Petco Park Vaccine Superstation to Reopen Tuesday


While the COVID-19 vaccine superstation near Petco Park will reopen Tuesday, UC San Diego and the county are still awaiting vaccine shipments that have been delayed by the winter storms that have swept through much of the US.

The news comes as the nation crosses another gruesome milestone: More than 500,000 Americans have died from COVID-19, underscoring the need for a vaccine to help control the worst pandemic the world has faced in a century.

For the record:

6:01 PM, February 22, 2021A San Diego County spokesman initially told the Union-Tribune that the Petco Park super station would remain closed Tuesday. UC San Diego, however, issued a statement Monday afternoon saying that the super station will reopen; the story has been corrected to reflect that.

On Monday, the county received 10,000 vaccine doses, but is expecting more than 50,000 doses to arrive this week, according to spokesman Mike Workman. The latest shipment was split evenly between Moderna and Pfizer, but most of the delayed doses from the region are from Moderna.

The Petco Park Super Station, run by UCSD Health, exclusively administers Moderna vaccine, and UCSD has been sending rescheduling notices through its MyChart electronic health system.

“We apologize and will automatically reschedule your appointment once delivery of the vaccine has been confirmed,” the notice reads. “You do not need to take any action to be rescheduled.”

It is not clear whether the reopening of the Petco Park site was due to the arrival of new doses to the region or a redistribution of current doses. A Scripps Health spokesperson said the health system is returning some of its Moderna vaccine supply to help with deployment to the region, but the spokesperson did not know if these doses would be used at the Petco Park location.

On Sunday, UCSD Health and the county launched the region’s sixth Vaccine Super Station at RIMAC Arena. UCSD has been using the site to vaccinate its own patients and staff since February 8, but will now offer vaccination to currently eligible San Diegans, including those 65 and older, healthcare workers, and children. residents and staff of long-term care facilities.

The RIMAC site, also known as the North Central Immunization Superstation, is located at 9730 Hopkins Drive and is open seven days a week from 7 am to 3 pm The site is a drop-in site with free parking. Like all other vaccine sites throughout San Diego, you will need to make an appointment, with more information available at vaccinationsuperstationsd.com.

Initially, RIMAC will only offer the Pfizer vaccine until delayed shipments from Moderna arrive, according to a county news release issued Sunday.

The Del Mar Fairgrounds superstation, which also only offers the Pfizer vaccine, announced Monday morning that it had about 600 appointments available for Monday, 800 for Tuesday and 350 for Wednesday, according to a Scripps Health spokesperson, who manage the site.

To schedule an appointment at the Del Mar self-service location, visit myturn.ca.gov, the state’s online scheduling system.

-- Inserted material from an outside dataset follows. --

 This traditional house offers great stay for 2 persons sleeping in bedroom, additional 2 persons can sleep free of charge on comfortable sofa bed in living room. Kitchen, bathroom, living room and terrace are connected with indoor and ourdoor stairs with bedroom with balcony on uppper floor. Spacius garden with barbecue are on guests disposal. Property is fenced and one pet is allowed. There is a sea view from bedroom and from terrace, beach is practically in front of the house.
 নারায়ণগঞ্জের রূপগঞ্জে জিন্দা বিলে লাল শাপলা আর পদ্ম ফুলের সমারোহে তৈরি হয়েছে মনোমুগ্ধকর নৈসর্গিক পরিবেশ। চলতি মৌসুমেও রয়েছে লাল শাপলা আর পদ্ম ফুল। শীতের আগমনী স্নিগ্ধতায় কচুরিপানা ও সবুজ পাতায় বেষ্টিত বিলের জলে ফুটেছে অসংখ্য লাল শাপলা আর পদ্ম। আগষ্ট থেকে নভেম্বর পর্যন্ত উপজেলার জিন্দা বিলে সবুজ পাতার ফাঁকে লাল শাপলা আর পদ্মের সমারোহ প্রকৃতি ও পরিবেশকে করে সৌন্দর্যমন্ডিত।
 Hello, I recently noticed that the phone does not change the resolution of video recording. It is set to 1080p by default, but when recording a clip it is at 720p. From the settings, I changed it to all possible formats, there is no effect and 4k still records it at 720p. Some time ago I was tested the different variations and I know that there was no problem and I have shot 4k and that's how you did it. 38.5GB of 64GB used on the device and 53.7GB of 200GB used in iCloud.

While San Diego County’s ongoing vaccine supply problems mean that some people will receive their second dose of vaccine later than the recommended three- or four-week interval for Pfizer and Moderna, respectively, local researchers say the exact time is Less important than making sure you get a second injection, which maximizes immunity against coronavirus.

With more doses of Pfizer than Moderna available at some of the region’s vaccine sites, some San Diegans who received their first injection of Moderna may want to get their second from Pfizer. The Centers for Disease Control and Prevention, however, advise against that, noting that clinical trials that tested the safety and efficacy of these vaccines did not test the effects of mixing and matching.

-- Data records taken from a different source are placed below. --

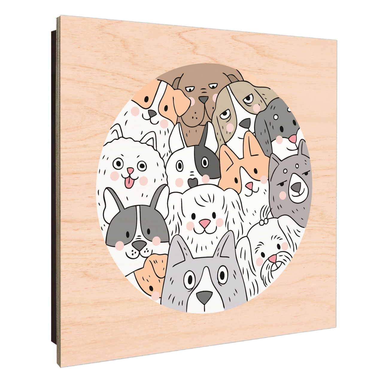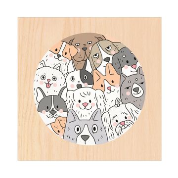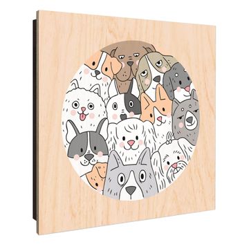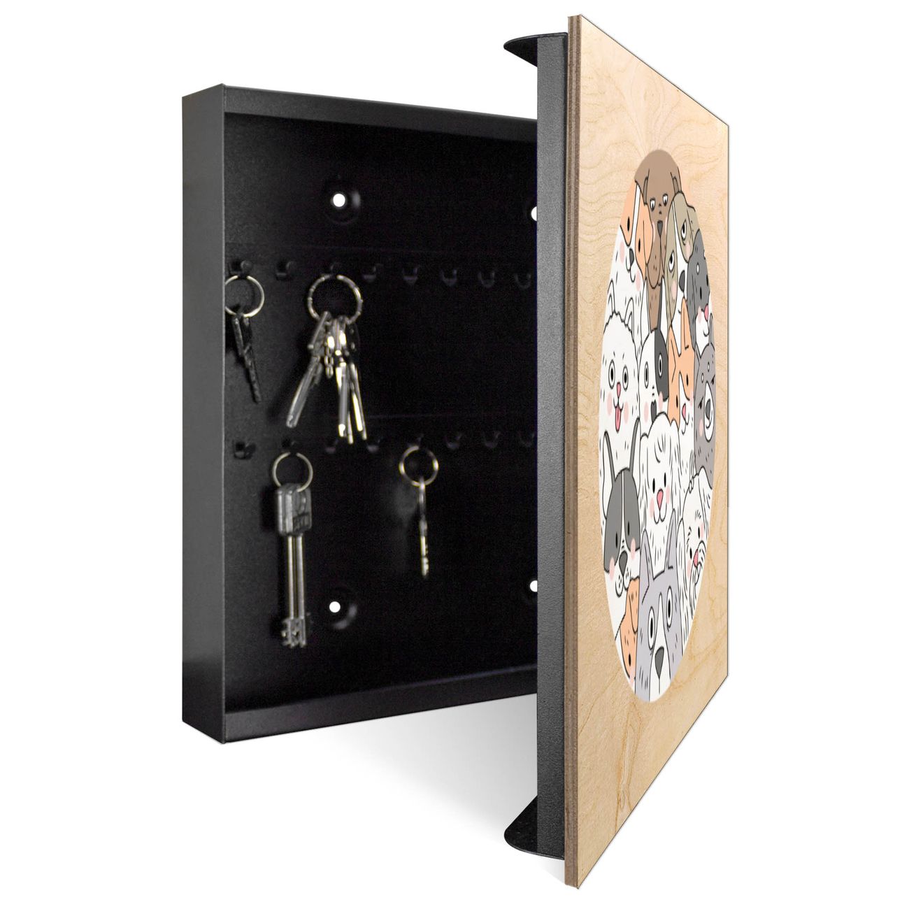 Schlüsselkasten mit Holzfront - Design Schlüsselbox Motiv Hunde Gruppe neugierig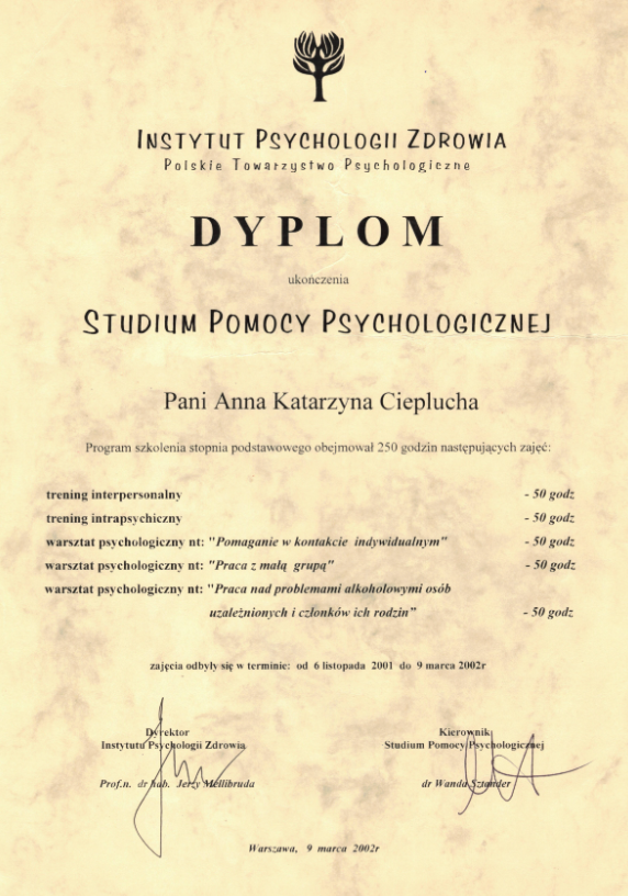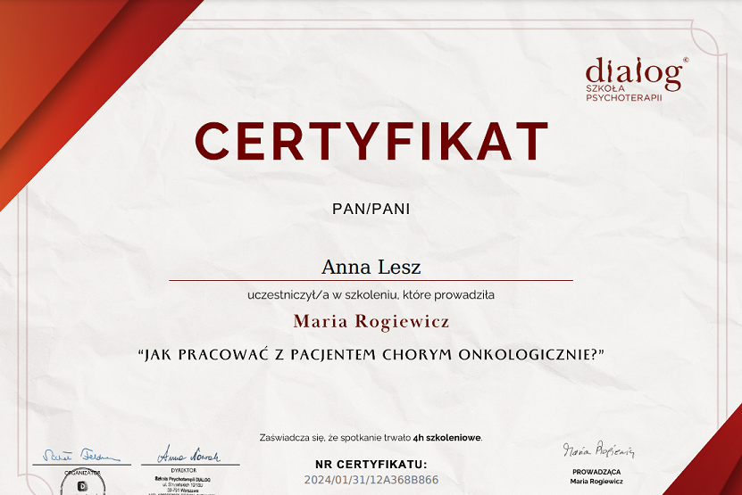 Odkąd pamiętam, zawsze chciałam pomagać drugiemu człowiekowi. Jestem osobą wierzącą, żoną i mamą.Jestem absolwentką 5-letnich magisterskich studiów psychologicznych na Uniwersytecie Łódzkim. Ponadto, ukończyłam studia podyplomowe ( 235 godzin) w zakresie psychoonkologii klinicznej na Uniwersytecie Jagiellońskim, a także cykl szkoleń z zakresu pomocy psychologicznej (250 godzin) w Instytucie Psychologii Zdrowia w Warszawie. Posiadam 16 letnie doświadczenie zawodowe zwłaszcza w pracy z chorymi onkologicznie i ich rodzinami w ramach domowej opieki paliatywnej. Mam również 8 letnie doświadczenie w pracy terapeutycznej z dziećmi jako psycholog-nauczyciel, gdzie zajmowałam się diagnozą, terapią dzieci z orzeczeniem, prowadząc grupowe zajęcia psychoedukacyjne oraz pracując z dzieckiem zdolnym. Cały czas uczestniczę w szkoleniach psychoterapeutycznych w ramach Szkoły Psychoterapeutycznej DIALOG, stale podnosząc swoje kompetencje zawodowe. Prowadzę szkolenia dla personelu medycznego dotyczące radzenia sobie ze stresem czy też przeciwdziałaniu wypaleniu zawodowemu. Jestem Członkiem Polskiego Towarzystwa Psychoonkologicznego. Pracuję zgodnie z Kodeksem Etyczno - Zawodowym Psychologa. Uwielbiam góry, podróże, dobrą muzykę i książkę. Jestem zakręcona na punkcie pięknych zapachów zamkniętych we flakonach :)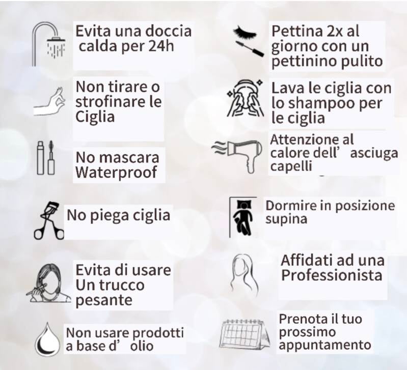 - Evitare di utilizzare mascara waterproof, utilizza il mascara che la lashmaker ti consiglia;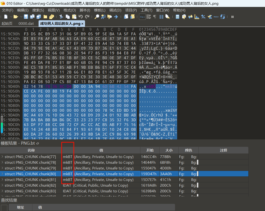 然后去仔细看了一下里面的数据块内容,发现有一大坨 mkBT 类型的非 PNG 常规数据块(前面还有一点 prVW、mkBF、mkTS、mkBS 这些)

“Every effort should be made to determine which vaccine product was received as the first dose, to ensure that the vaccine series is completed with the same product,” reads a warning document issued by the agency on Oct. 10. February.

The CDC says it’s okay to swap vaccines “in rare situations,” such as when someone doesn’t have a record of which vaccine they received for their first dose or when the vaccine supply runs out. But since delayed doses from the region are expected to arrive in days and the CDC says you can get your second dose six weeks after the first, or, if necessary, later, local health systems stick to the guidelines. current plans. Spokespersons for Scripps Health and Sharp HealthCare, the region’s two largest systems, have said they only offer second-dose Pfizer appointments to those who received the Pfizer vaccine for their first injection.

Despite the recent slowdown in vaccine launch in the region, San Diego’s coronavirus metrics continue to improve. On Monday, the county reported 321 new cases of COVID-19. There are 11 days in a row in which the region has had less than 1,000 cases.

The report also notes 459 hospitalizations for COVID-19. That would be a big rebound if it were new hospitalizations, but they are not. County spokesman Workman clarified that the latest number reflects a backlog of patient records from the November and December surge. The daily COVID-19 census, which reports the current number of San Diegans in hospital for coronavirus infections, dropped to 639. Nearly a month ago, the count stood at 1,528.

There is another coronavirus figure that is likely to turn heads: The county reported a negative death from COVID-19 on Monday.

After reviewing their records, county officials determined that a person who had died from COVID-19 was actually a Los Angeles County resident.